DATA FOR THE TASK: Begin

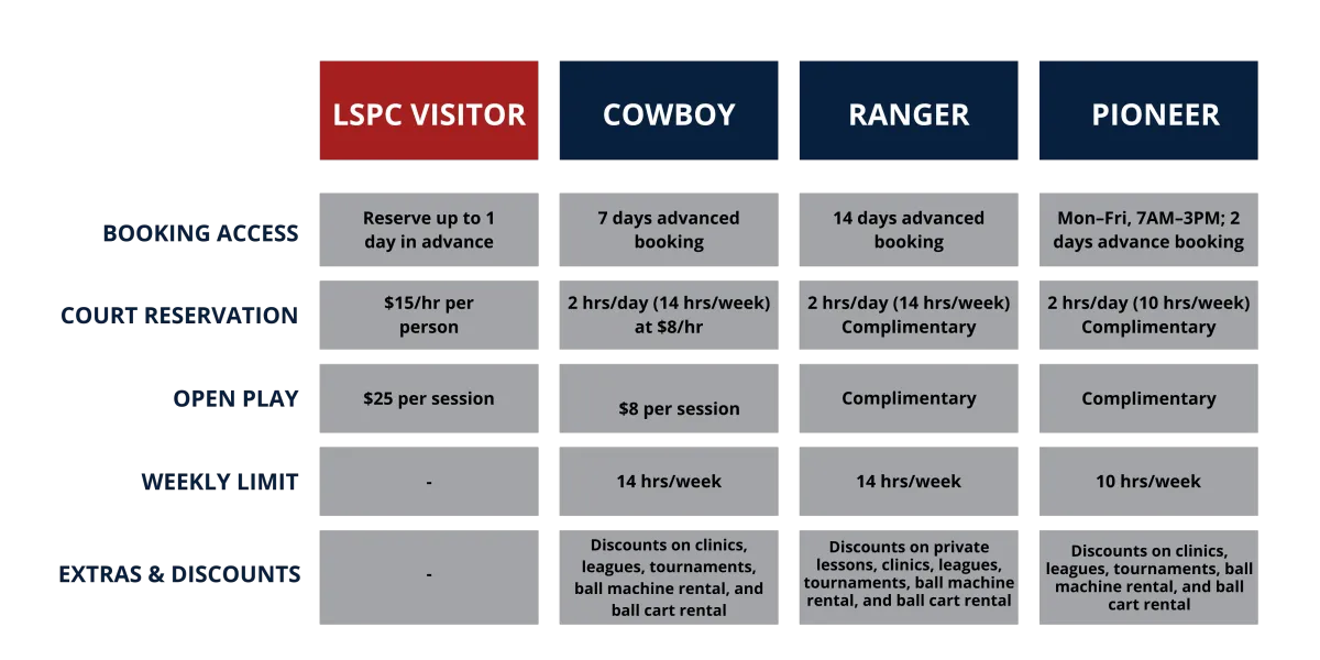 At Lone Star Pickleball Club, our memberships are built to offer flexibility, value, and VIP style perks — so you can play more, stress less.
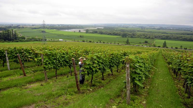 IKEDA, Hokkaido -- Climbing a small hill overlooking the Tokachi Plain, I could see straight rows of grape trees. The landscape was beautiful -- it looked like someone had drawn lines with a green marker. I was visiting an about 17-hectare vineyard in the town of Ikeda, Hokkaido, the production center for one of the nation's major wines.
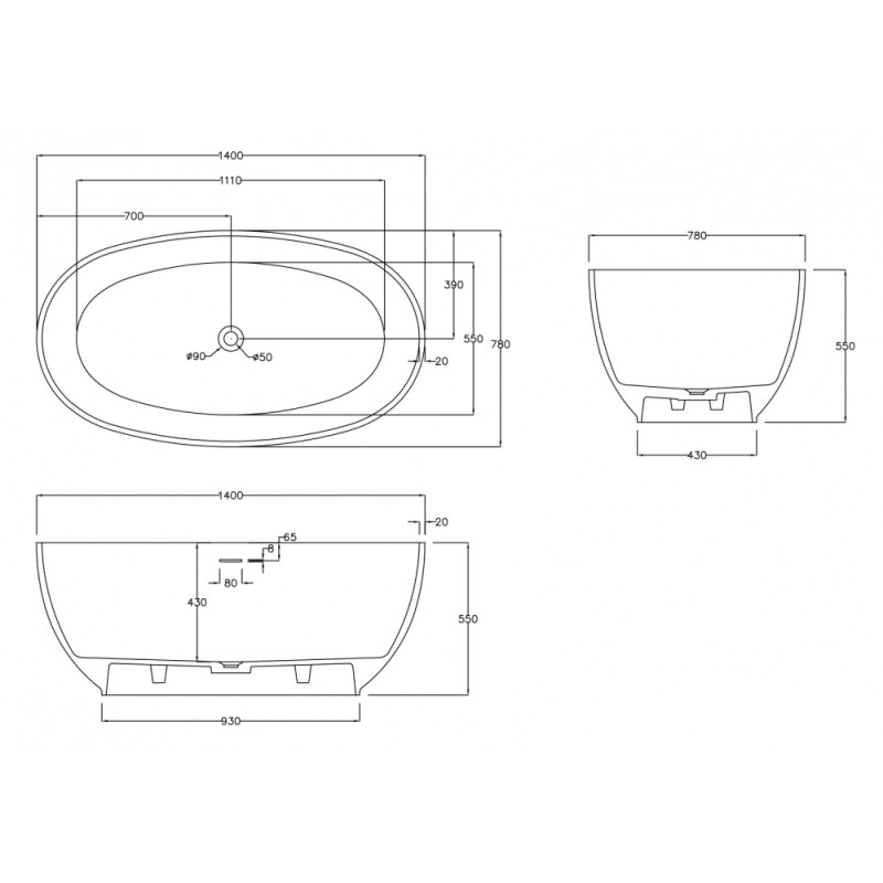 Ванна из искусственного камня ABBER Stein AS9641-1.4 140x78
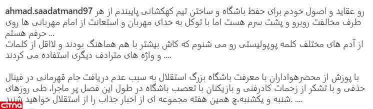 «رو عقاید و اصول خودم برای حفظ باشگاه و ساختن تیم کهکشانی پایبندم از هر طرف مخالفت روبرو و پشت سرم هست اما با توکل به خدای مهربان و استعانت از امام مهربانی ها روی حرفم هستم ...
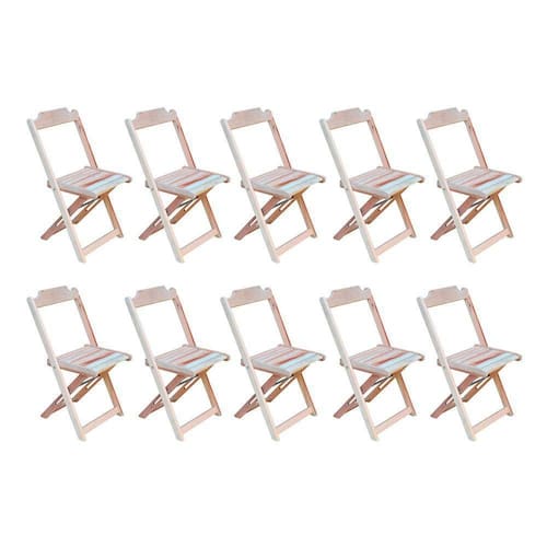 Kit 10 Cadeiras De Madeira Dobravel Sem Pintura/crua - Cor: Marrom
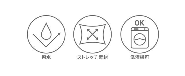 アメリカのインビスタ社が手掛ける高機能素材、コーデュラ糸を採用。急な天候の変化にも対応した撥水機能、普段の生活において動きやすさを考慮したストレッチ性、ご家庭での洗濯が可能なイージーケア性など日常生活におけるストレスフリー機能も備えています。
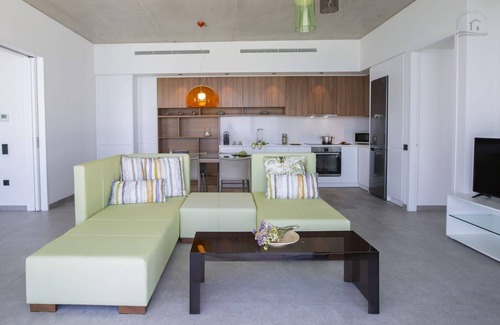 It has a spacious and comfortable living room with an open plan fully equipped kitchen and a dining area where you can enjoy a meal with your loved ones. The living room offers a wonderful panoramic view to the pool and sea, due to its large window doors.
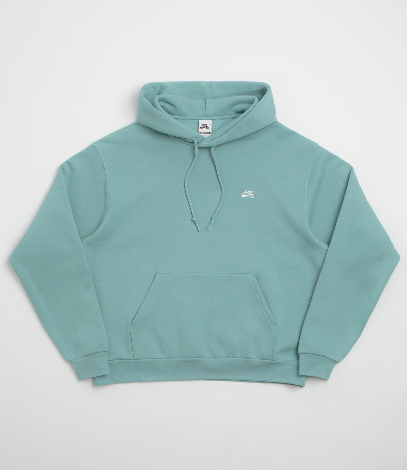 Nike SB Essential Logo Hoodie in Cannon and White. Loose fitting with a brushed fleece inner, this Nike SB hoodie is made from a cotton-polyester blend. Featuring an adjustable drawcord hood and ribbed cuffs, this blue Nike SB hoodie is finished with a kangaroo front pocket and embroidered branding.
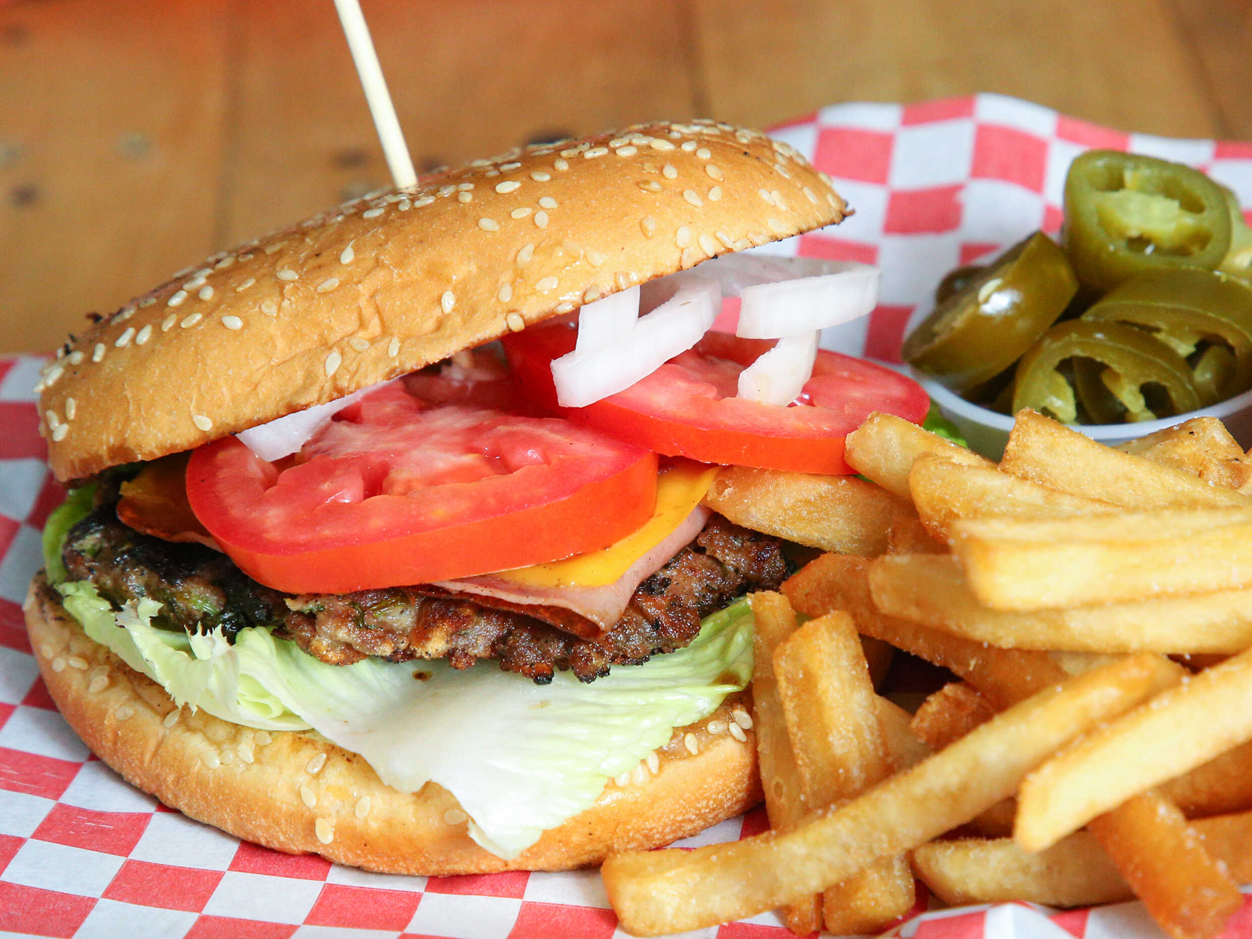 Hamburguesa de res, lechuga, cebolla asada, tomate, mayonesa, acompañado de papas francesas , catsup y chiles jalapeños
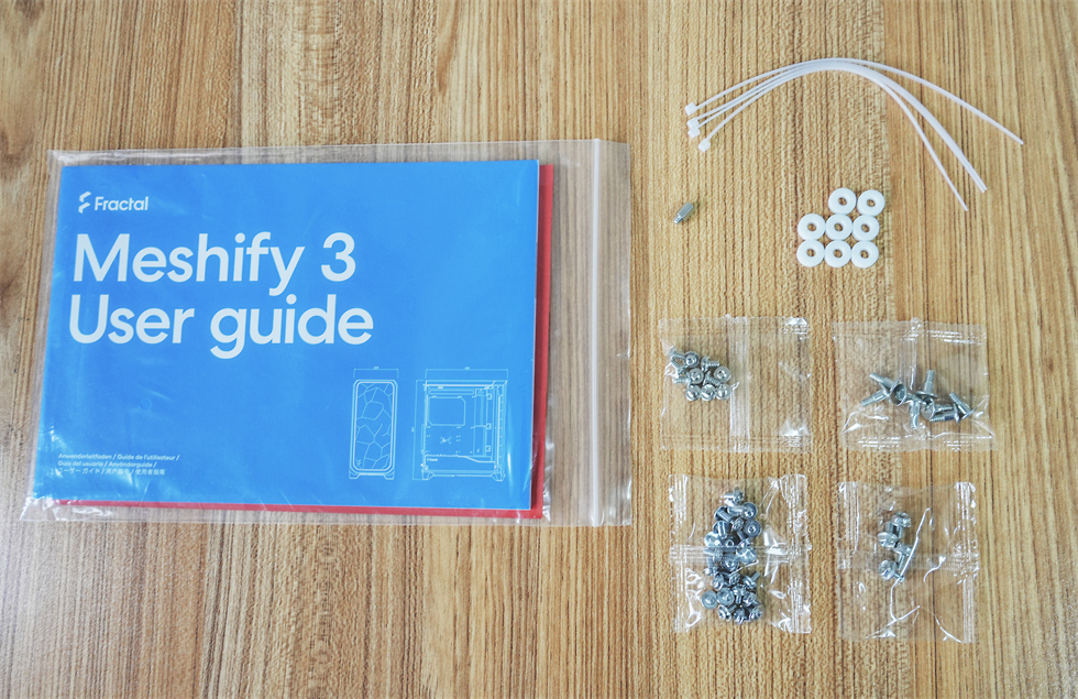 配件全家福,包括扎线带,胶垫、各种螺丝,说明书。
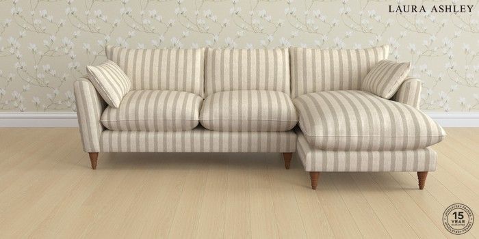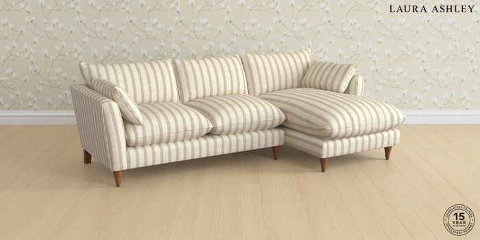 6.12.1 Buy Casterton by Laura Ashley Medium Sofa Chaise - Right Hand Kinsham Stripe Natural Low Turned - Teak from the Next UK online shop Click here to use our accessible website
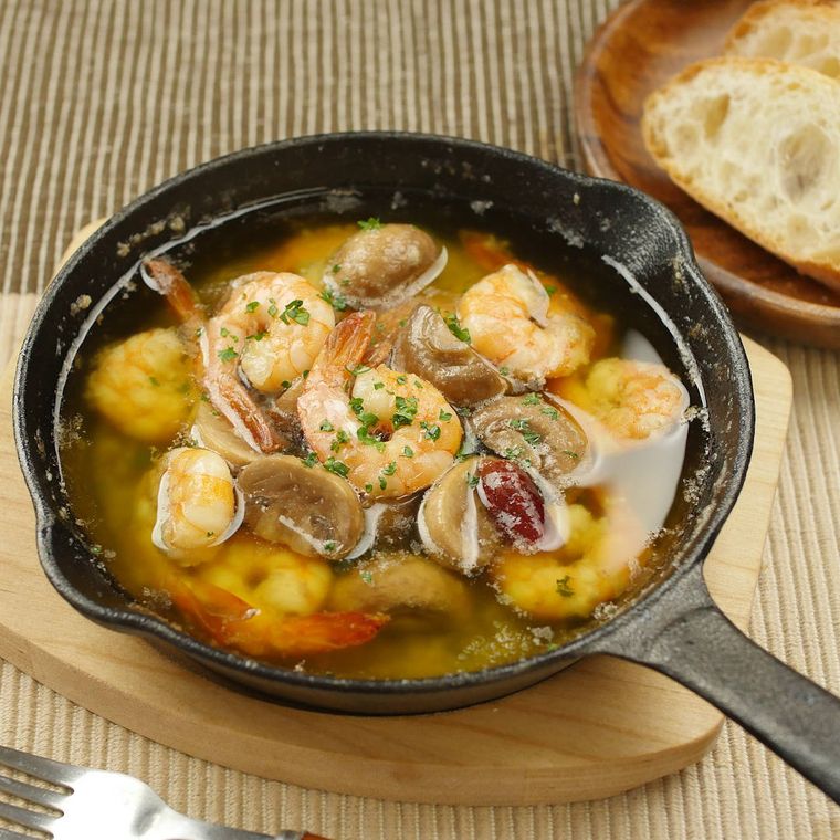 エビのアヒージョ、タコのアヒージョ、牡蠣のアヒージョ……さまざまな食材で作れて見栄えもよいひと品ですが、自宅ではちょっと作りづらいですよね。
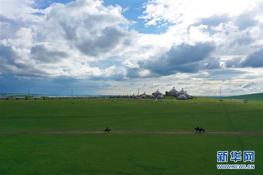 這是呼倫貝爾陳巴爾虎旗天下草原游牧部落一景(8月3日攝,無人機照片)。今年暑期,內(nèi)蒙古呼倫貝爾通過暫行周末2.5天彈性休假工作制度,發(fā)放旅游、餐飲消費券,景區(qū)推出優(yōu)惠促銷活動等措施,提振當?shù)芈糜问袌?。新華社記者徐欽攝
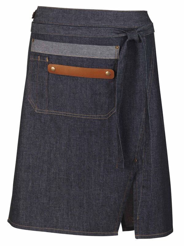 Tablier court en denim. 2 grandes poches côtés. Liens taille à nouer et passe torchon en cuir détachable. Fente d'aisance.
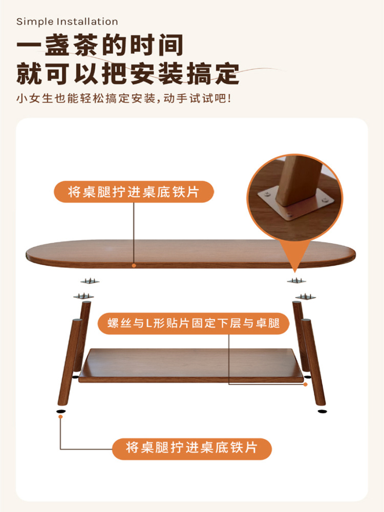 | 颜色 | 【双层置物椭圆双层】烟霞胡桃色80*40*42|甄选加粗桌腿 | 颜色 | 【匠心用料加厚升級进口品质】100*48*42屿山雪松木色|加厚多层环保木板+甄选加粗桌腿 |

DATA FOR THE TASK: End

_EXERCISE_
Excerpt from the records above: set down only the lines from the one that contains "Hamburguesa de res, lechuga, cebolla" through the one that contains "Tablier court en", inclusive, word for word. Pictures stay out.

_EXERCISE ANSWER_
 Hamburguesa de res, lechuga, cebolla asada, tomate, mayonesa, acompañado de papas francesas , catsup y chiles jalapeños
 配件全家福,包括扎线带,胶垫、各种螺丝,说明书。
 6.12.1 Buy Casterton by Laura Ashley Medium Sofa Chaise - Right Hand Kinsham Stripe Natural Low Turned - Teak from the Next UK online shop Click here to use our accessible website
 エビのアヒージョ、タコのアヒージョ、牡蠣のアヒージョ……さまざまな食材で作れて見栄えもよいひと品ですが、自宅ではちょっと作りづらいですよね。
 這是呼倫貝爾陳巴爾虎旗天下草原游牧部落一景(8月3日攝,無人機照片)。今年暑期,內(nèi)蒙古呼倫貝爾通過暫行周末2.5天彈性休假工作制度,發(fā)放旅游、餐飲消費券,景區(qū)推出優(yōu)惠促銷活動等措施,提振當?shù)芈糜问袌?。新華社記者徐欽攝
 Tablier court en denim. 2 grandes poches côtés. Liens taille à nouer et passe torchon en cuir détachable. Fente d'aisance.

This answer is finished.